I attended because I think Jonathan Safran Foer takes risks with the form of fiction that few take and because I’m slightly in love with Chimamanda Adichie. I couldn’t wait to hear them speak about their writing and, specifically, their writing process. I was not disappointed.
They challenged me and encouraged me to play, experiment, take risks, and yes, fail. Art reflects life, and since life changes, so should art. We have freedom in this. We have freedom in the stories we tell and how we choose to tell the stories. Once we learn and understand the rules, we have freedom to bend and even break them, to see what works in this global yet fragmented society. Safran Foer quoted John Ashbury’s famous essay, “The Invisible Avant-Garde”: “Most reckless things are beautiful in some way, and recklessness is what makes experimental art beautiful.”
As a music major, I fell in love with experimental and modern music, sometimes with the beauty of the project itself, and sometimes just with the risk and the ideas and, yes, even the failings of the attempts. Over the past several years, I’ve learned more about avant-garde and experimental art through a friend sharing her love of it with me, through reading books about it, such as God in the Gallery by Daniel A. Siedell, and, most of all, through going to museums and immersing myself in the art. And the more I’ve learned about this and other forms of modern art, the more I’ve come to understand its relationship to life, and the more I’ve come to understand it, the more I’ve come to love it.
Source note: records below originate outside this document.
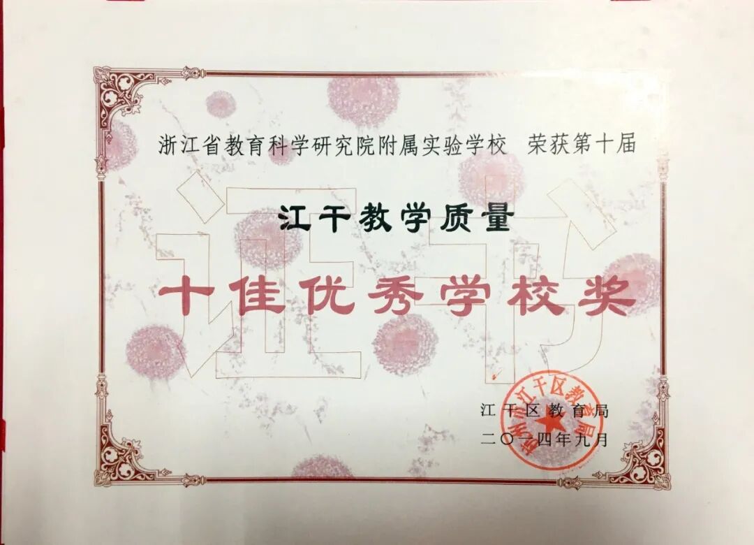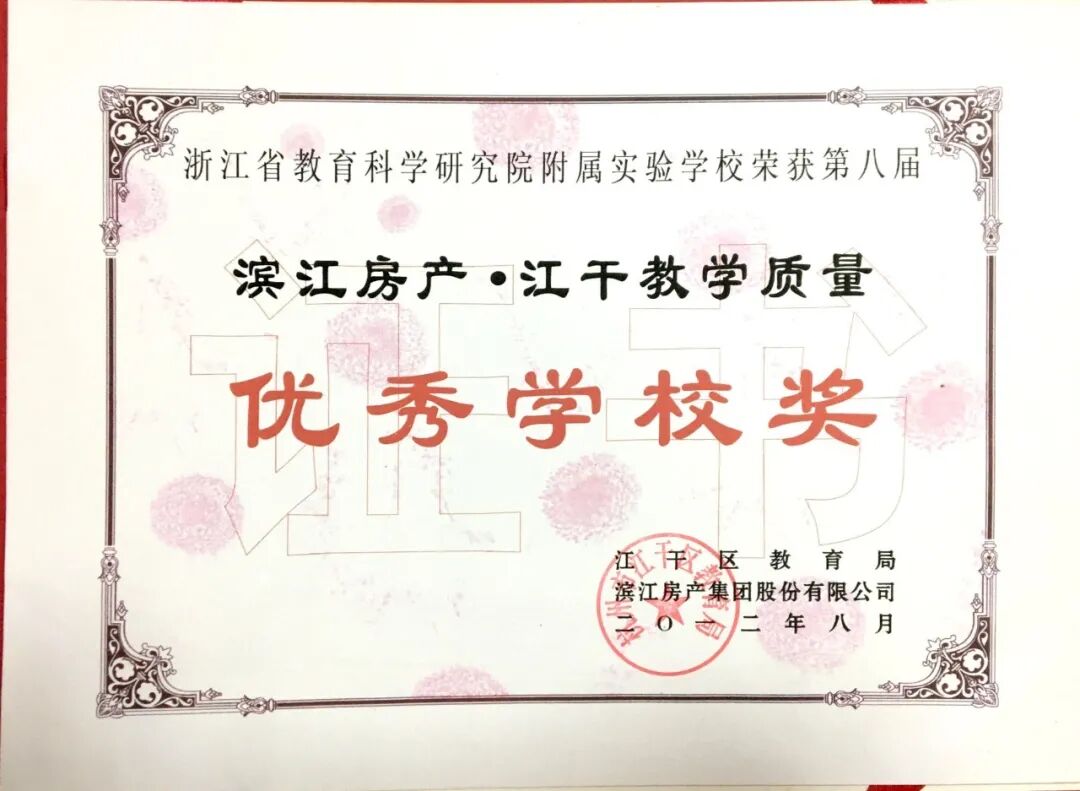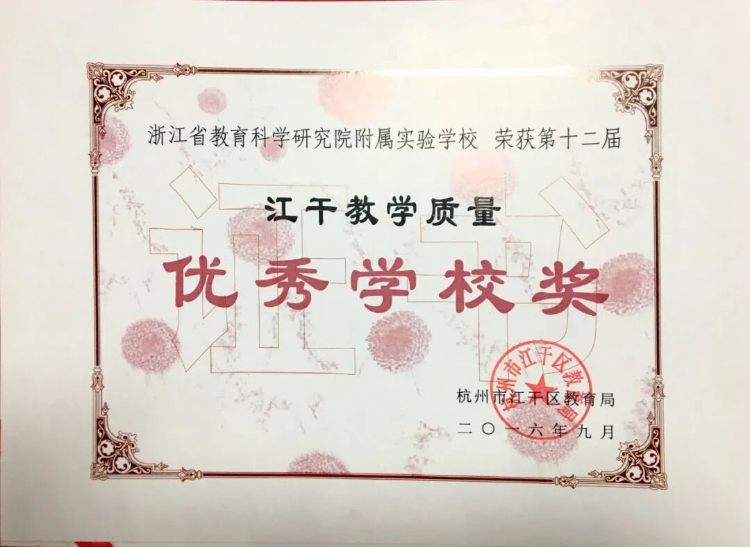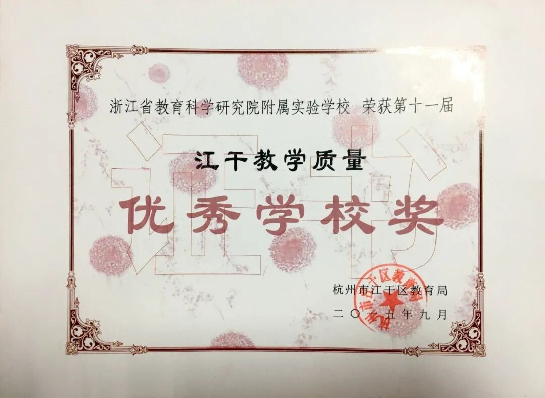 江干区人民政府颁发“学校发展奖”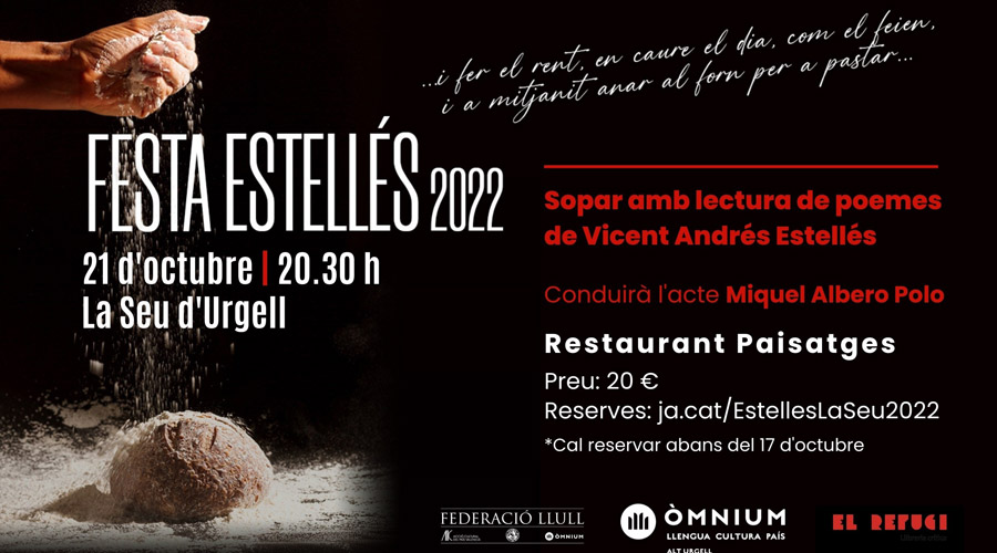 Òmnium Alt Urgell organitza per primera vegada el Sopar Estellés, una activitat amb la qual es vol homenatjar l’escriptor valencià Vicent Andrés Estellés tot recitant els seus poemes. L’acte tindrà lloc el divendres dia 21 d’octubre, a 2/4 de 9 del vespre, al restaurant Paisatges de la Seu d’Urgell.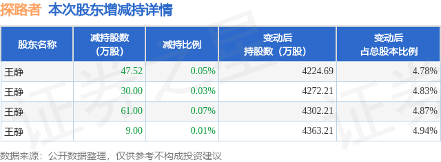 证券之星消息,9月22日探路者发布公告《探路者:简式权益变动报告书》,其股东王静于2025年9月15日至2025年9月22日间合计减持147.52万股,占公司目前总股本的0.1669%,变动期间该股股价上涨3.58%,截止9月22日收盘报9.55元。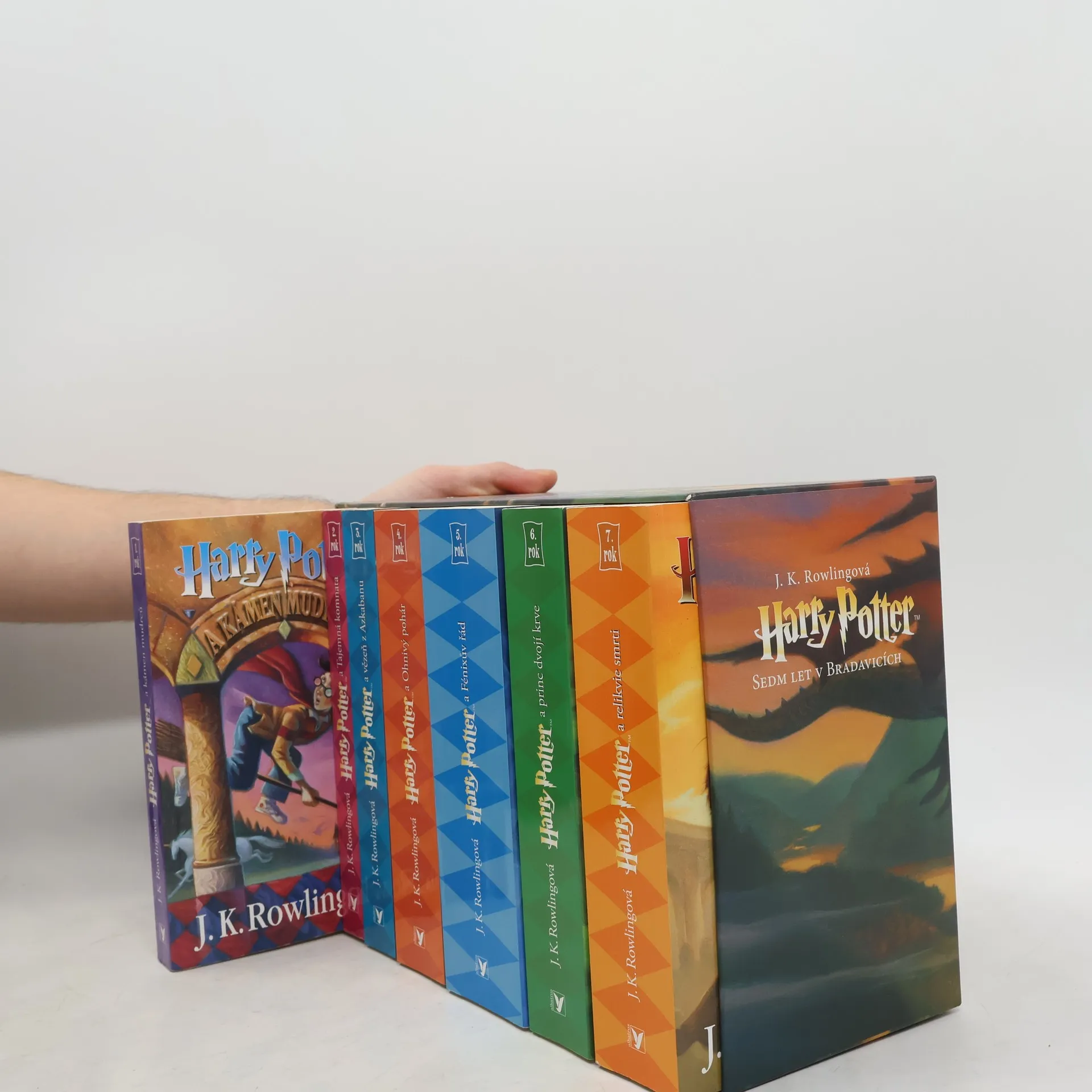 Série knih Harry Potter od J.K. Rowlingové sleduje příběh mladého čaroděje Harryho Pottera, který se vydává na cestu plnou magie, přátelství a odvahy. Společně s přáteli Hermionou a Ronem objevuje tajemství Bradavické školy čar a kouzel, čelí temným silám vedeným Lordem Voldemortem a bojuje za ochranu kouzelnického světa. Série kombinuje napětí, humor a hluboké emoce, přičemž prozkoumává témata jako láska, oběť a význam volby mezi dobrem a zlem. Série obsahuje knihy Kámen mudrců, Tajemná komnata, Vězeň z Azkabanu, Ohnivý pohár, Fénixův řád, Princ dvojí krve, Relikvie smrti.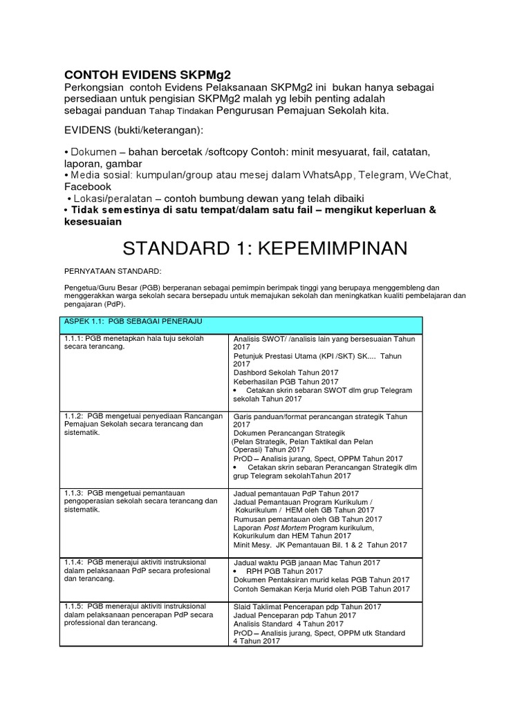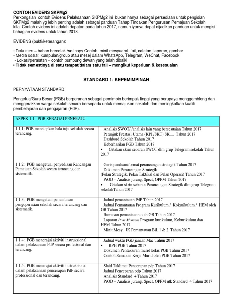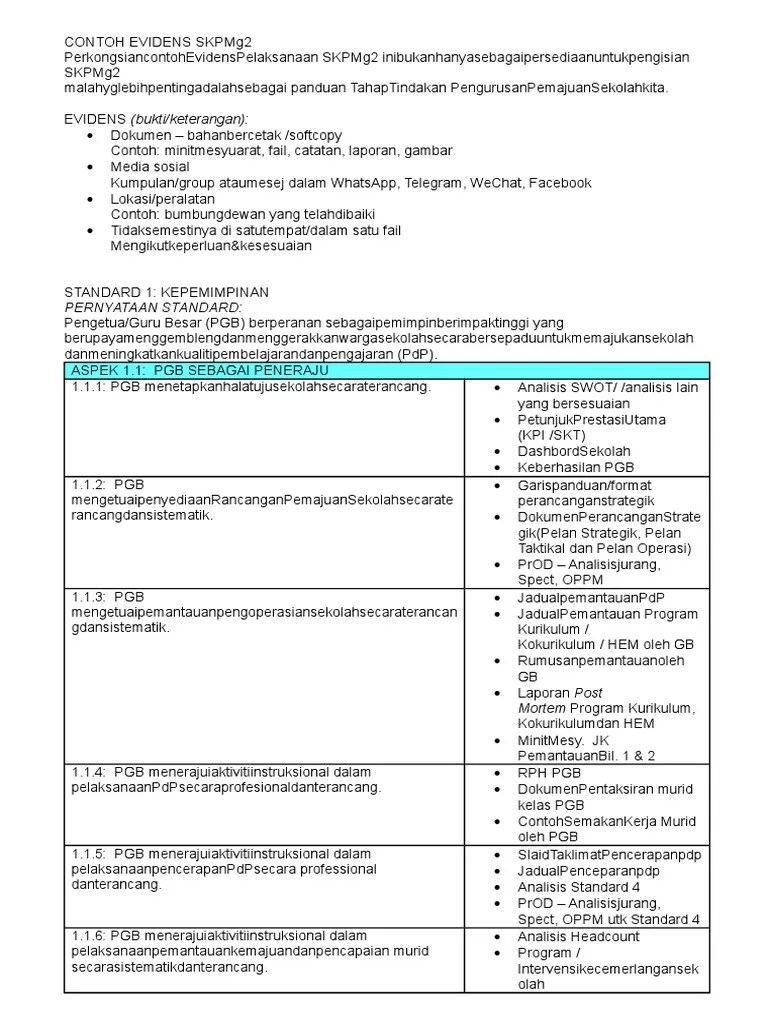 Strategi bimbingan untuk standard 1. Cadangan evidens skpmg2 untuk semua standard 1 hingga 4 21:52:00 eviden skpmg2 eviden skpmg2 hem eviden skpmg2 koku eviden skpmg2 pengurusan kurikulum eviden standard 4 perkongsian contoh evidens pelaksanaan skpmg2 ini bukan hanya sebagai persediaan untuk. Standard 1 kepimpinan (standard kualiti pendidikan malaysia gelombang 2) (skpmg2) 1. Skpmg2 ialah singkatan bagi standard kualiti pendidikan malaysia gelombang 2. Bagi standard 3.1 pengurusan kurikulum, terdapat beberapa aspek dalam standard ini yang perlu dihadirkan oleh pihak sekolah bagi mendapat markah yang baik.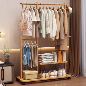 賃貸住宅のコートラック、床置きベッドサイド洋服ラック、シンプルな家庭用屋内ベッドサイド無垢材収納アーティファクトワードローブ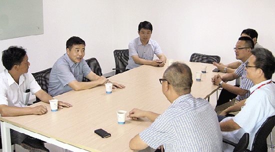 臨安市市長(zhǎng)王敏一行與福斯特董事長(zhǎng)林建華在會(huì)議室進(jìn)行會(huì)談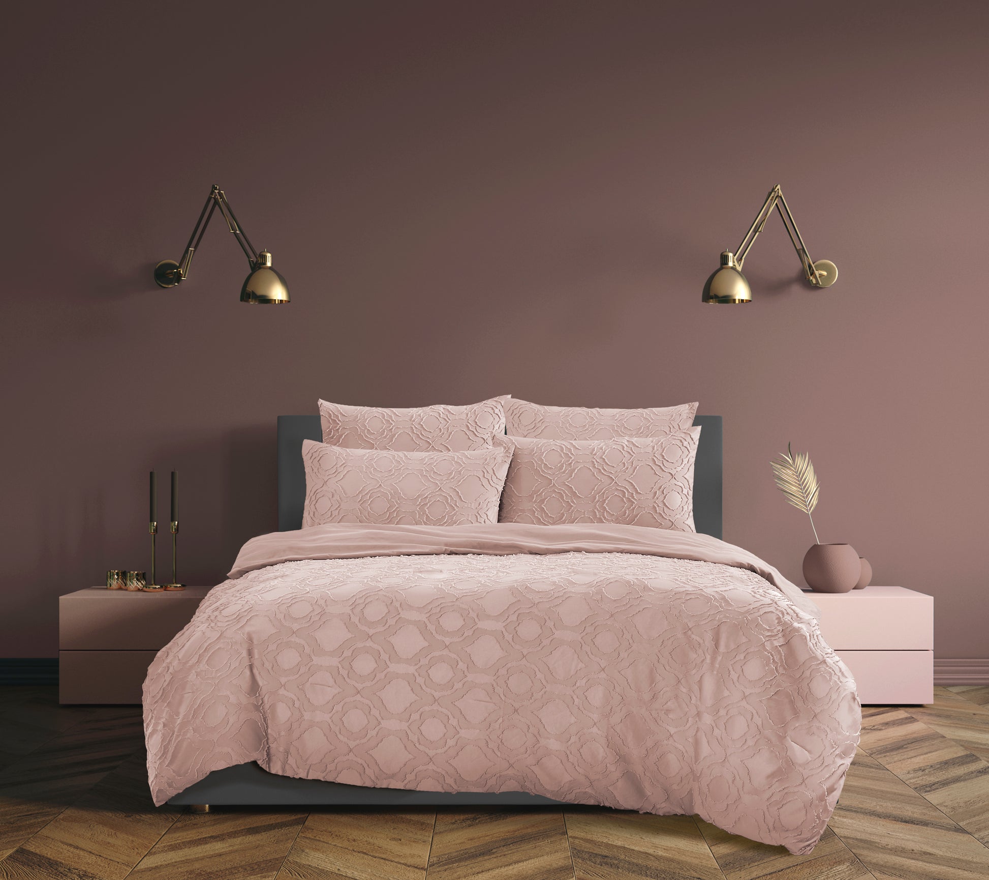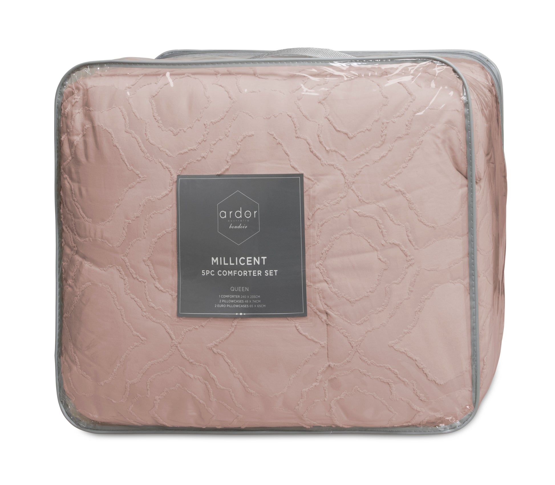 illicent�s peachy front displays a tufted pattern that softly gestures inspiration from floral tiles with a plain dyed reverse. This comforter set consists of 5 pieces - 1 x Comforter, 2 x Standard Pillowcases and 2 x European Pillowcases that will completely transform the bedroom aesthetics into tranquility.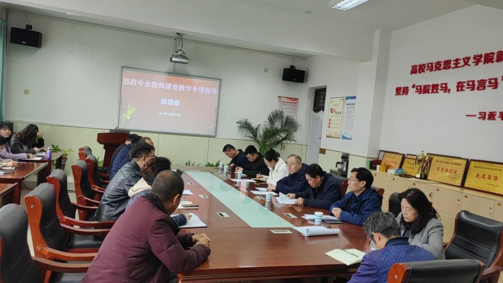 10月23日上午,思政专业教师课堂教学专项督导反馈会在六号教学楼6406会议室举行,党委副书记闫龙出席,教务处、质评办相关负责人以及课堂教学专项督导专家和马克思主义全体教师参加会议。

I’ve also wondered–and it was gratifying to hear Safran Foer chat about this very thing–why does literature seem behind visual art and music when it comes to experimentation in order to reflect life?
Now, I leave this conference excited about the possibilities of experimentation, not for the sake of experimentation, but for the sake of stretching myself and my readers. For we do this in the service of humanity. As Adichie reminded us, we create meaning and radical truth to remind ourselves and others of what it means to be human. We enter into the conversation of humanity through literature because life is always changing and yet unchanging.
I don’t know how experimental I’ll be. Heck, I don’t even know what experimentation means for me yet. But I want to see what I can do. I want to see what magic I can conjure while playing with craft. Perhaps playing for me will be a minor thing, or perhaps it will be drastic. But I hope it means something that is both personal and global (meaning, reflecting my love of cultural studies, not necessarily something that will resonate with the whole world–I’m not that delusional yet), something that holds together tension and resolution, something that is intimate and small and echoing.
I confess: I am afraid. I fear failure. I fear not being good enough for the grand ideas in my head. I fear looking the fool. But I remember what someone once said about Miles Davis when he was a rookie, that he was brilliant but he didn’t yet have the chops. Or what Picasso said: “I am always doing that which I cannot do in order that I may learn how to do it.”
I do not claim the brilliance of Davis or Picasso, but I can pattern my artistic endeavors after them, striving, striving, striving, in the face of failure.